» PROBLEM REQUIREMENTS
Please output only the lines running from the one that contains "Produkt Spezifikationen: >: 170" through the last line of the data below, exactly as they stand, with no pictures.

» DATA BLOCK
------------------------------------

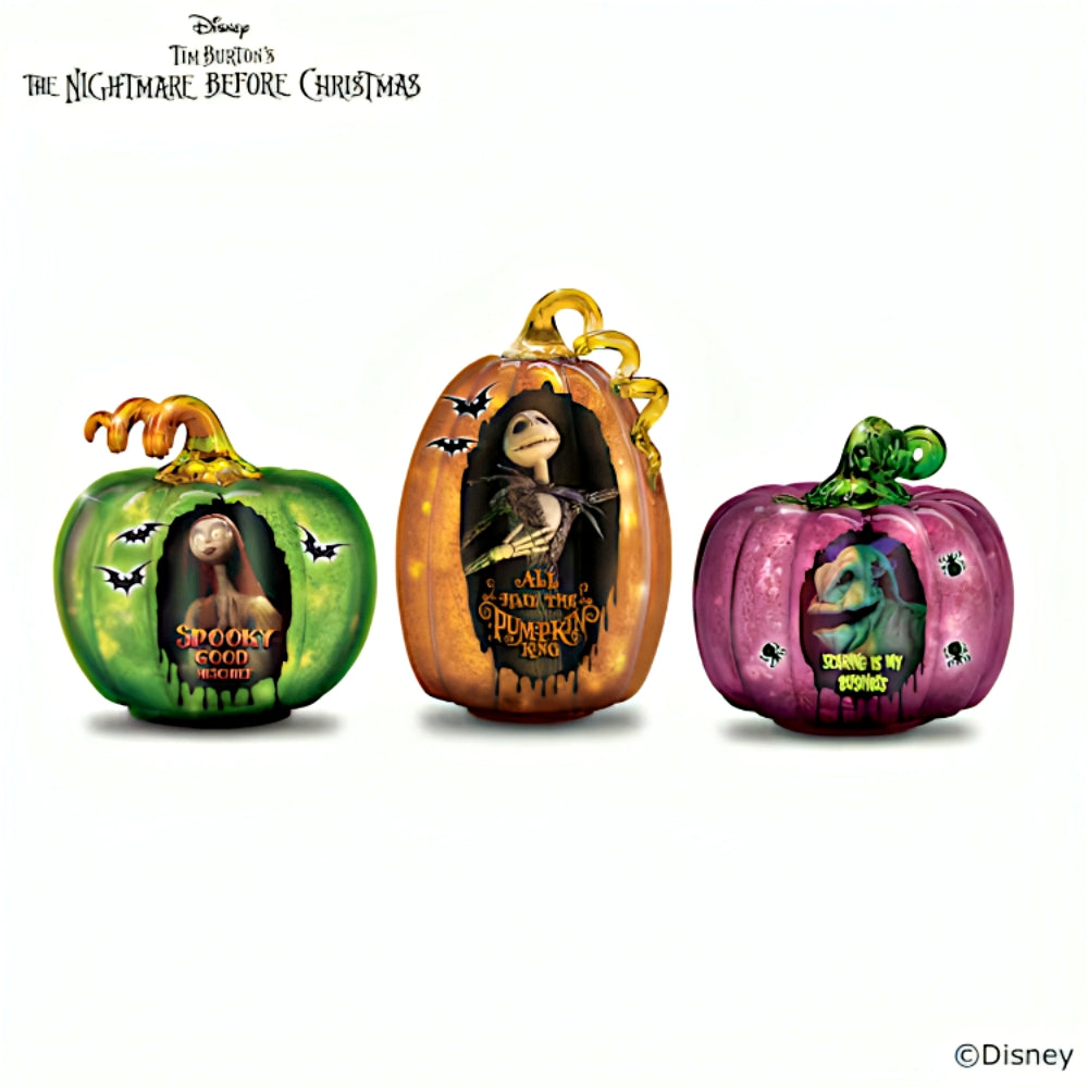 Disney Tim Burton's "The Nightmare Before Christmas" remains one of the most enduring and influential animated films ever made and is a favorite of countless fans and collectors. Now, this collection of glowing The Nightmare Before Christmas glass pumpkins celebrates the beloved film and its memorable characters. Introducing the Spooky Charms Pumpkin Sculpture Collection, available from The Bradford Exchange. Licensed from Disney, this collection begins with Issue One, Spooky Good Mischief. Next to arrive will be Issue Two, All Hail the Pumpkin King, and soon your collection will continue with Issue Three, Scaring is My Business and additional collectible The Nightmare Before Christmas pumpkin sculptures, each a separate issue to follow.‡
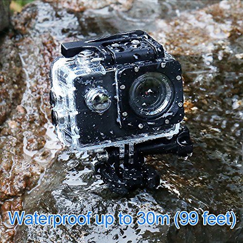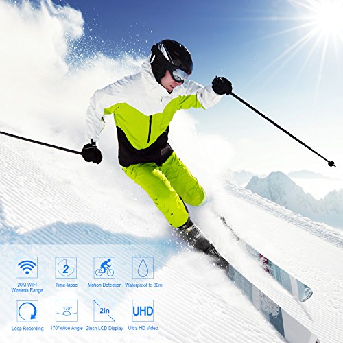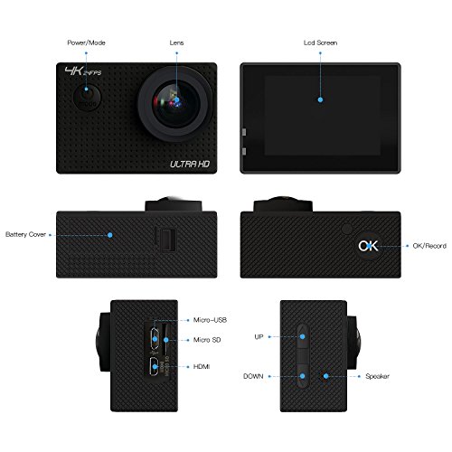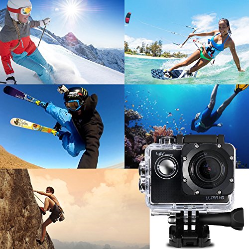Produkt Spezifikationen: >: 170 Grad Ultra-Weitwinkel HD + 6G Objektiv > Der Bildschirm: 2,0 Zoll LCD-Bildschirm > Video-Auflösung: 4 K 24 FPS/2,7 K 30FPS / 1080P 60 FPS/1080p 30 FPS / 720P 120 FPS/ 720 P 60FPS / 720P, 30 FPS / WVGA 30FPS / 240FPS VGA / QVGA 30FPS > Loop-Rekord: Off, 3min, 5min, 10min > Video-Format: MP4 > Video-Kompression: H. 264 > Fotoauflösung: 12 M / 10M / 8M / 5M / 3M / VGA > Fotomodus: Single Aufnahme, Burst Aufnahme, Zeitraffer (Off, 0,1 sec, 0,2 s, 0,5 sec, 1 Sek., 5 Sek.), Bewegungserkennung > Schnittstelle: USB 2.0 / HDMI > Leistungsaufnahme: 5V / 1A >Batterie-Kapazität: 1050mAh >Batterie-Ladezeit: ca. 3 Stunden > Aufnahmezeit: ca. 90 Minuten bei 4K > Abmessungen der Kamera: 56,8 x 38,3 x 27,0 mm > Sprachen des Betriebssystems: Englisch, Französisch, Spanisch, Deutsch, Italienisch, Russisch, Japanisch, Koreanisch Wasserdicht bis zu 30 m Tiefe: Ein robustes, wasserdichtes Gehäuse für Tauchen bis zu 30m unter Wasser. Es ist perfekt für die Aufnahme von all Ihren Abenteuern, lustige Bilder und spannende Videosaufzunehmen, und es gehtleichtkaputt. Lieferumfang: > 1 X YIPIN Ultra HD 4 K Sport Action-Kamera > 1 x wasserdichtesUnterwassergehäuse für dieKamera > 1 xwasserdichte Halterung für das Unterwassergehäuse > 1 x multifunktionale Klammer > 1 X Fahrrad Montagesatz > 1 X Helm Montagesatz > 1 USB-Kabel > 2 x 1050mAh Lithium Batterien > 1 x Bedienungsanleitung Noten: > Webcam-Funktion: Schließen Sie die Kamera über USB-Kabel an den Computer an. > Unterstützt bis zu 64GB Micro SD Card, Micro-SD Karte der Klasse 10 oder höher wird empfohlen. Garantie: > 12 Monate Garantie und einen freundlichen Service, der Sie diesen Artikel ohne Sorgen kaufen lässt.
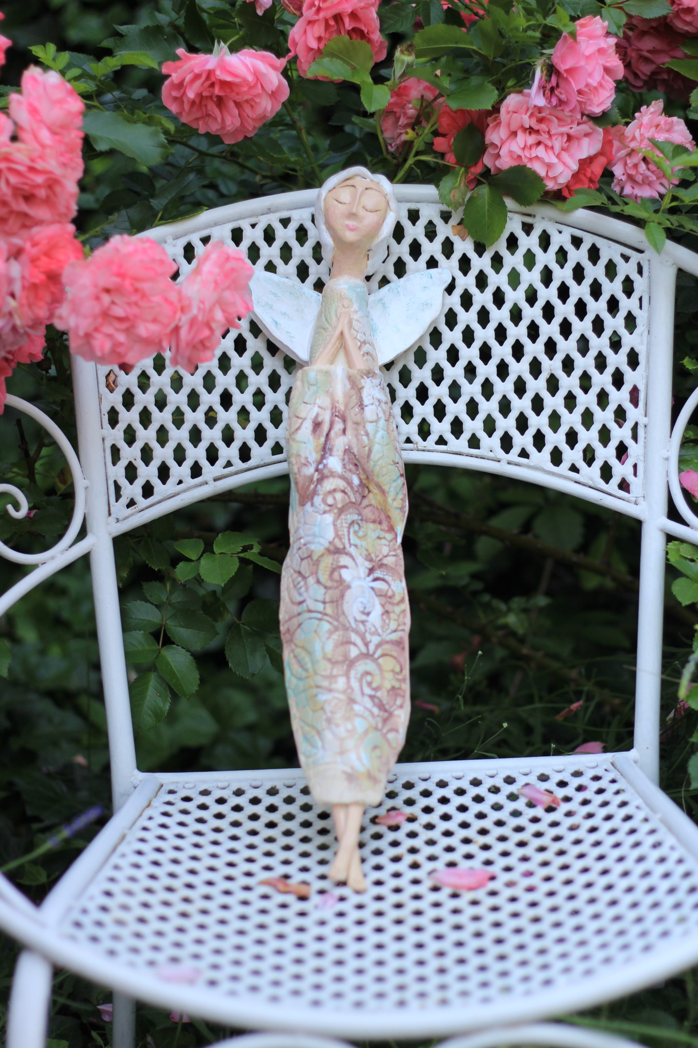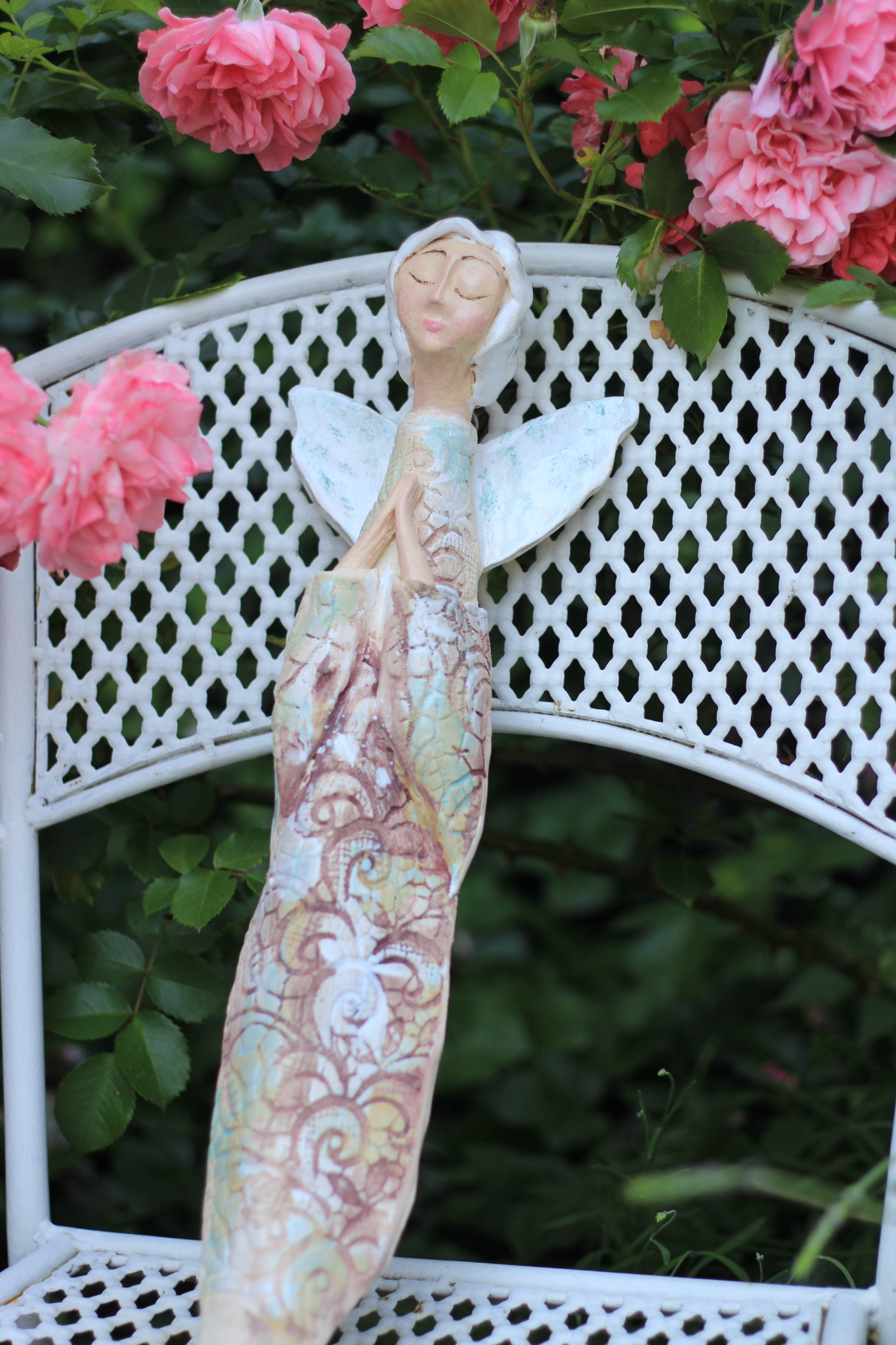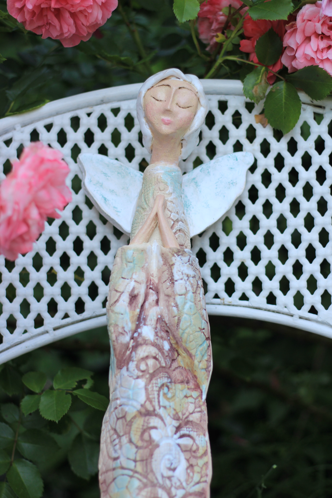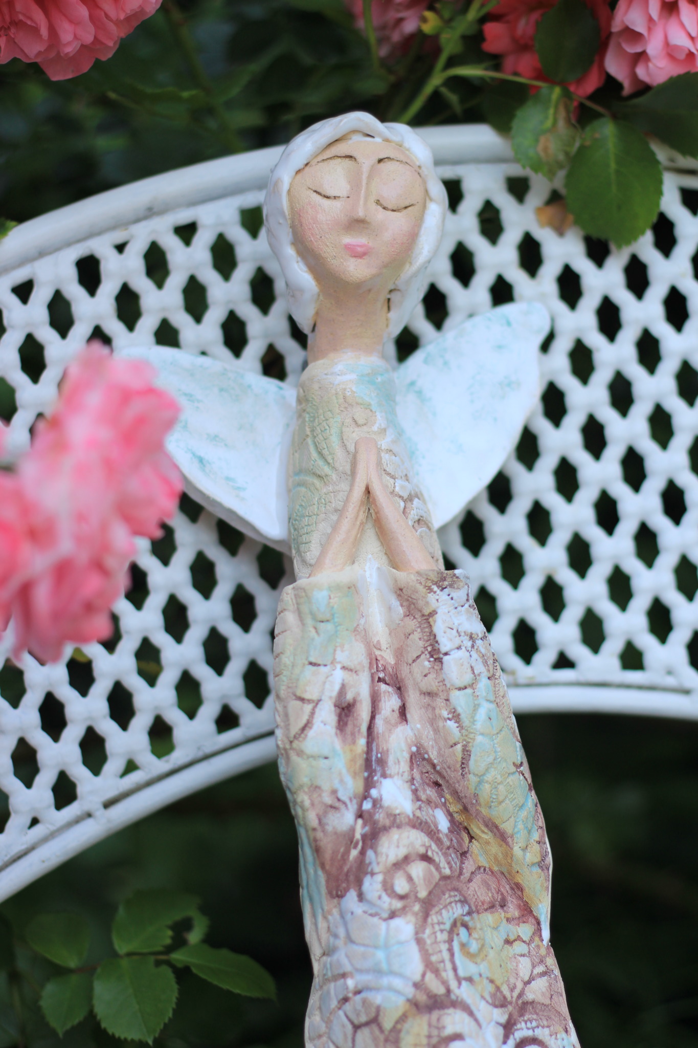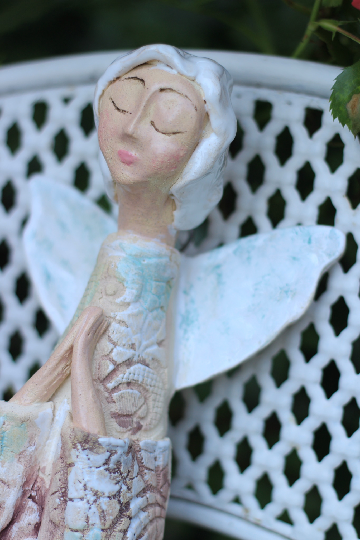 Anioł ceramiczny, wykonany ręcznie z gliny w pojedynczym egzemplarzu. Dwukrotnie wypalany oraz szkliwiony. Stanowi świetną propozycję dla unikatowego prezentu dla bliskiej osoby oraz nietuzinkową ozdobę ścienną.

------------------------------------

» SOLUTION FOR THIS PROBLEM
Produkt Spezifikationen: >: 170 Grad Ultra-Weitwinkel HD + 6G Objektiv > Der Bildschirm: 2,0 Zoll LCD-Bildschirm > Video-Auflösung: 4 K 24 FPS/2,7 K 30FPS / 1080P 60 FPS/1080p 30 FPS / 720P 120 FPS/ 720 P 60FPS / 720P, 30 FPS / WVGA 30FPS / 240FPS VGA / QVGA 30FPS > Loop-Rekord: Off, 3min, 5min, 10min > Video-Format: MP4 > Video-Kompression: H. 264 > Fotoauflösung: 12 M / 10M / 8M / 5M / 3M / VGA > Fotomodus: Single Aufnahme, Burst Aufnahme, Zeitraffer (Off, 0,1 sec, 0,2 s, 0,5 sec, 1 Sek., 5 Sek.), Bewegungserkennung > Schnittstelle: USB 2.0 / HDMI > Leistungsaufnahme: 5V / 1A >Batterie-Kapazität: 1050mAh >Batterie-Ladezeit: ca. 3 Stunden > Aufnahmezeit: ca. 90 Minuten bei 4K > Abmessungen der Kamera: 56,8 x 38,3 x 27,0 mm > Sprachen des Betriebssystems: Englisch, Französisch, Spanisch, Deutsch, Italienisch, Russisch, Japanisch, Koreanisch Wasserdicht bis zu 30 m Tiefe: Ein robustes, wasserdichtes Gehäuse für Tauchen bis zu 30m unter Wasser. Es ist perfekt für die Aufnahme von all Ihren Abenteuern, lustige Bilder und spannende Videosaufzunehmen, und es gehtleichtkaputt. Lieferumfang: > 1 X YIPIN Ultra HD 4 K Sport Action-Kamera > 1 x wasserdichtesUnterwassergehäuse für dieKamera > 1 xwasserdichte Halterung für das Unterwassergehäuse > 1 x multifunktionale Klammer > 1 X Fahrrad Montagesatz > 1 X Helm Montagesatz > 1 USB-Kabel > 2 x 1050mAh Lithium Batterien > 1 x Bedienungsanleitung Noten: > Webcam-Funktion: Schließen Sie die Kamera über USB-Kabel an den Computer an. > Unterstützt bis zu 64GB Micro SD Card, Micro-SD Karte der Klasse 10 oder höher wird empfohlen. Garantie: > 12 Monate Garantie und einen freundlichen Service, der Sie diesen Artikel ohne Sorgen kaufen lässt.
 Anioł ceramiczny, wykonany ręcznie z gliny w pojedynczym egzemplarzu. Dwukrotnie wypalany oraz szkliwiony. Stanowi świetną propozycję dla unikatowego prezentu dla bliskiej osoby oraz nietuzinkową ozdobę ścienną.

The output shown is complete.